Domowy składak, czyli piwnica

Architekci wnętrz przyznają, że w ostatnim czasie coraz więcej osób prosi ich o pracę nad… piwnicą. W dawnych czasach wydawałoby się, że to najmniej interesujące pomieszczenie które do nas należy, ponieważ tam zawsze nieładnie pachnie, jest ciemno, ponuro i – przede wszystkim – panuje tam nieustanny bałagan, którego mimo corocznych porządków nie jesteśmy w stanie się skutecznie pozbyć. Dlaczego w takim razie potrzebujemy pomocy architektów wnętrz? Ponieważ poza samym zaaranżowaniem pomieszczenia mogą nam oni udzielić kilku rad.

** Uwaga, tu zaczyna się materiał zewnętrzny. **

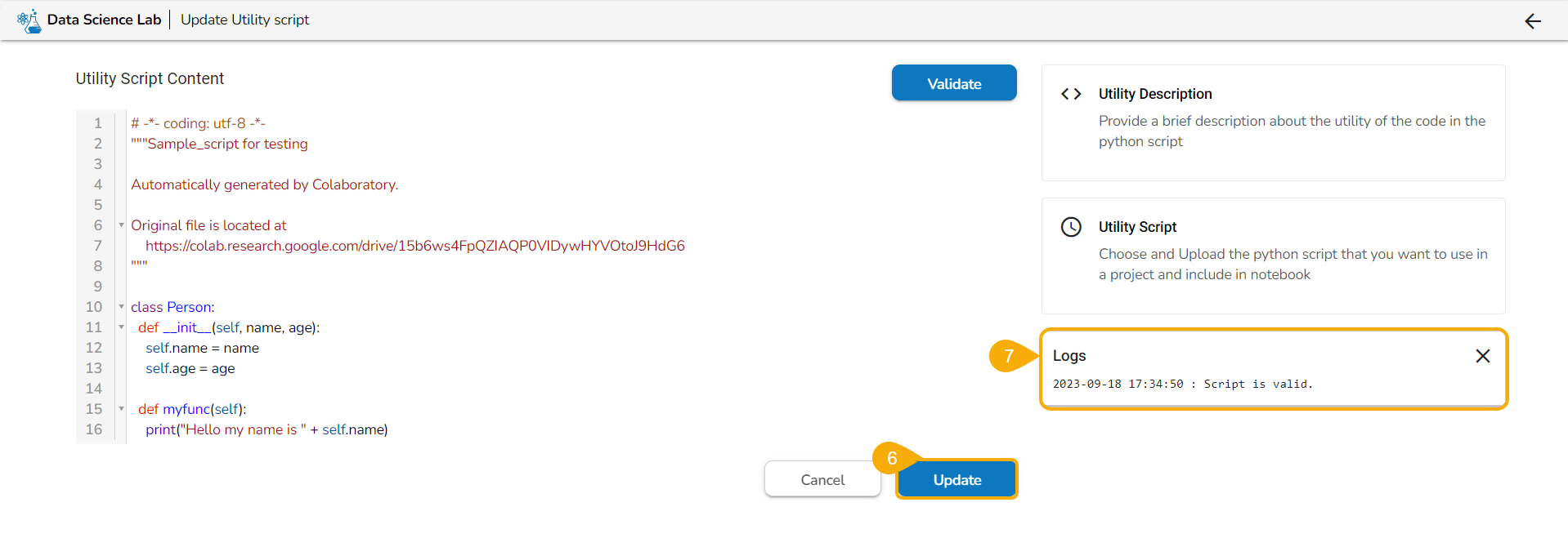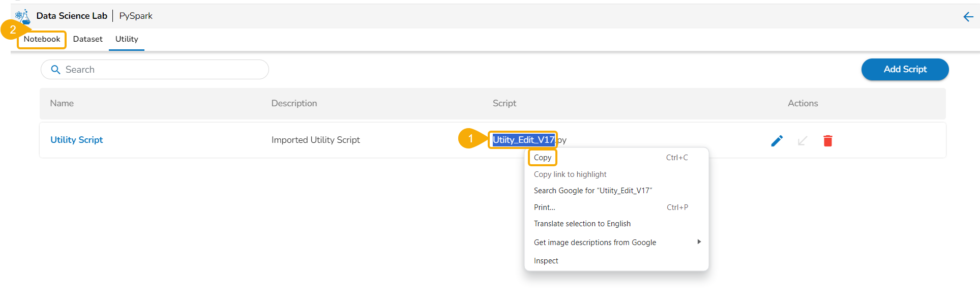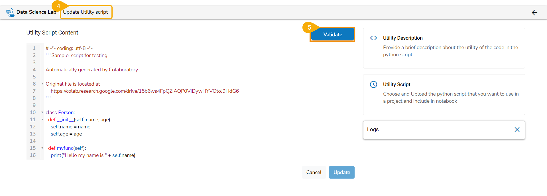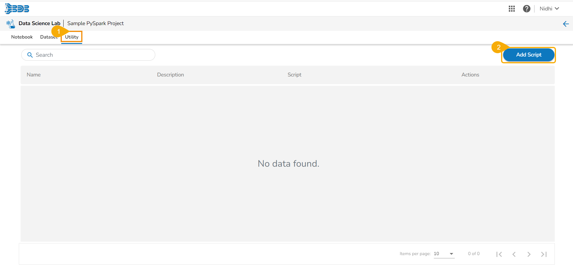 This tab allows to create and list the python scripts (.py files) that can be imported to your notebook.

Jeżeli piwnica będzie odpowiednio zaplanowana i będziemy w niej przestrzegać kilku zasad na pewno nie będziemy mieli kłopotu z porządkiem, co za tym idzie samo schodzenie do niej nie będzie aż tak stresujące. W tym wypadku najważniejsze jest światło, które musi być intensywne. Nie martwmy się tu rachunkami za energię, ponieważ schodzimy tam na tyle rzadko, że na pewno nie odczujemy tej różnicy. Ważne jest jednak to, abyśmy w każdym położeniu w piwnicy wyraźnie widzieli co się dzieje. Ponadto rzeczy ciężkie nie mogą znajdować się zbyt wysoko, nawet jeżeli nie potrzebujemy ich zbyt często – na przykład choinka na Święta Bożego Narodzenia. Im dany przedmiot ma większą wagę tym trudniej będzie go wydobyć, więc takie rzeczy powinny znajdować się na niewielkiej wysokości, aby nie utrudniać sobie dodatkowo zadania.